_Collected data:_
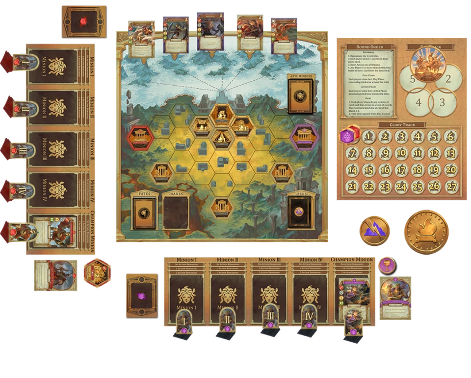 Command your forces during the action phase. Manage Minion actions for combat, area control, and tactical advantage. Send your Minions to the Greek Isles to recruit epic heroes and monsters of legend, such as Medusa, Perseus, and Pegasus. Organize your forces wisely. Positioning is key to victory!
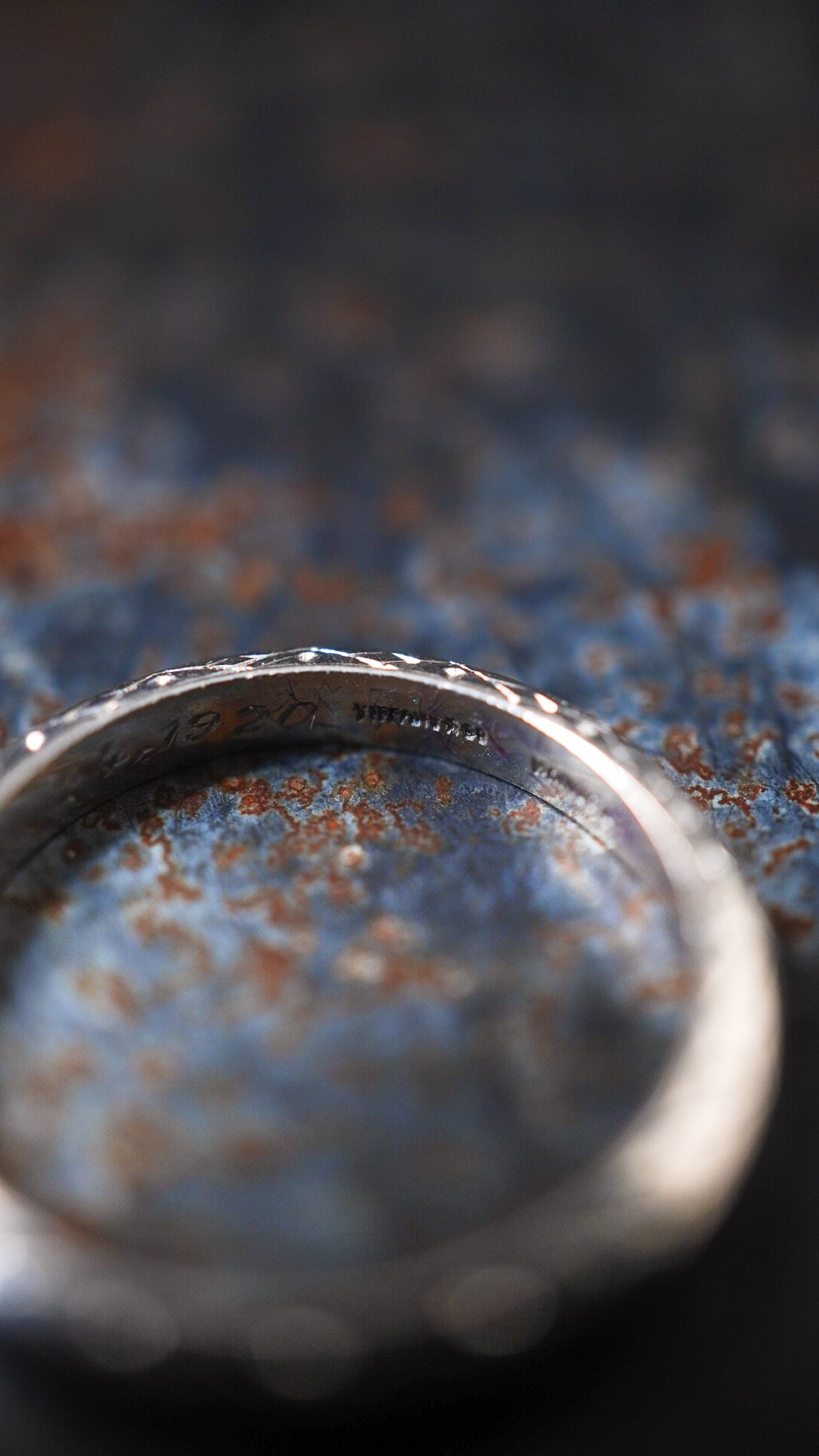 リングの内側には、「TIFFANY & CO」「PLATINUM」「November 24, 1920」等の刻印が入っています。
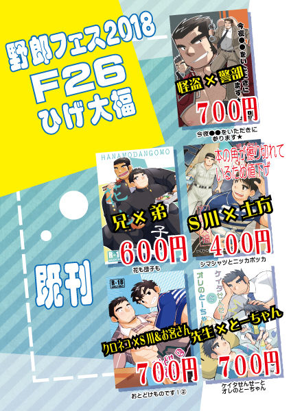](http://livedoor.blogimg.jp/higedaihuku/imgs/0/7/073243e9.jpg “野郎フェス準新刊”)[野郎フェス2018
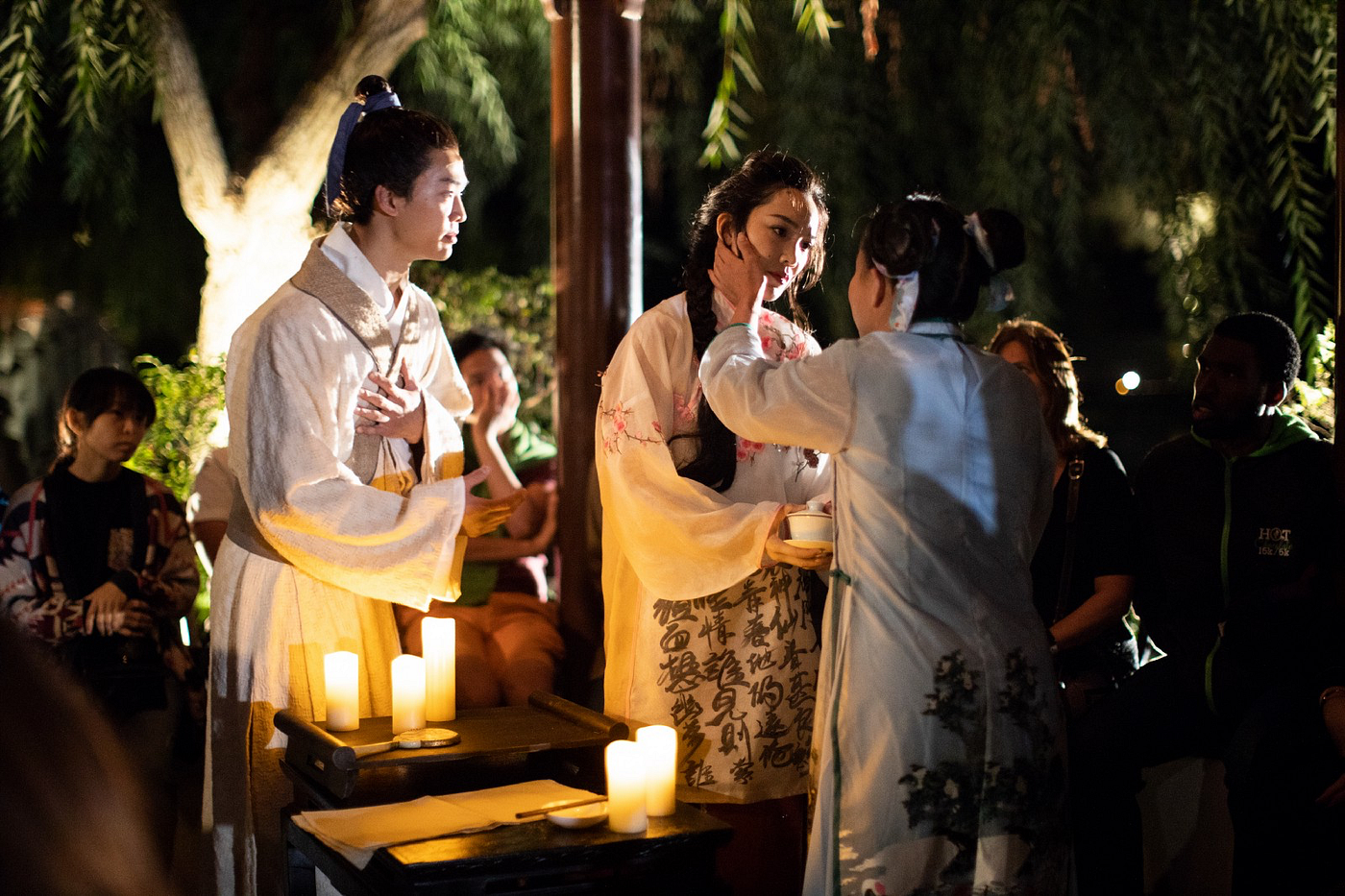 Writer/director Stan Lai, who the BBC has called “the best Chinese language playwright and director in the world,” has crafted a masterwork of play structure that melds the history of the Huntington, techniques from Chinese opera, the stunning landscape of the titular Chinese Garden, and a twin interleaved stories based on the 16th-Century romantic tragicomedy The Peony Pavilion. “Masterwork” gets bandied about somewhat without care in the Southland’s theatrical landscape, but Lai’s alchemy blends these elements of contrasting tones and techniques into a singular theatrical alloy, creating an experience that could only work to its fullest in the garden at night.

_Task details:_
When copying the data above, repeat every word exactly and drop the pictures.

_Response to the task:_
 Command your forces during the action phase. Manage Minion actions for combat, area control, and tactical advantage. Send your Minions to the Greek Isles to recruit epic heroes and monsters of legend, such as Medusa, Perseus, and Pegasus. Organize your forces wisely. Positioning is key to victory!
 リングの内側には、「TIFFANY & CO」「PLATINUM」「November 24, 1920」等の刻印が入っています。
](http://livedoor.blogimg.jp/higedaihuku/imgs/0/7/073243e9.jpg “野郎フェス準新刊”)[野郎フェス2018
 Writer/director Stan Lai, who the BBC has called “the best Chinese language playwright and director in the world,” has crafted a masterwork of play structure that melds the history of the Huntington, techniques from Chinese opera, the stunning landscape of the titular Chinese Garden, and a twin interleaved stories based on the 16th-Century romantic tragicomedy The Peony Pavilion. “Masterwork” gets bandied about somewhat without care in the Southland’s theatrical landscape, but Lai’s alchemy blends these elements of contrasting tones and techniques into a singular theatrical alloy, creating an experience that could only work to its fullest in the garden at night.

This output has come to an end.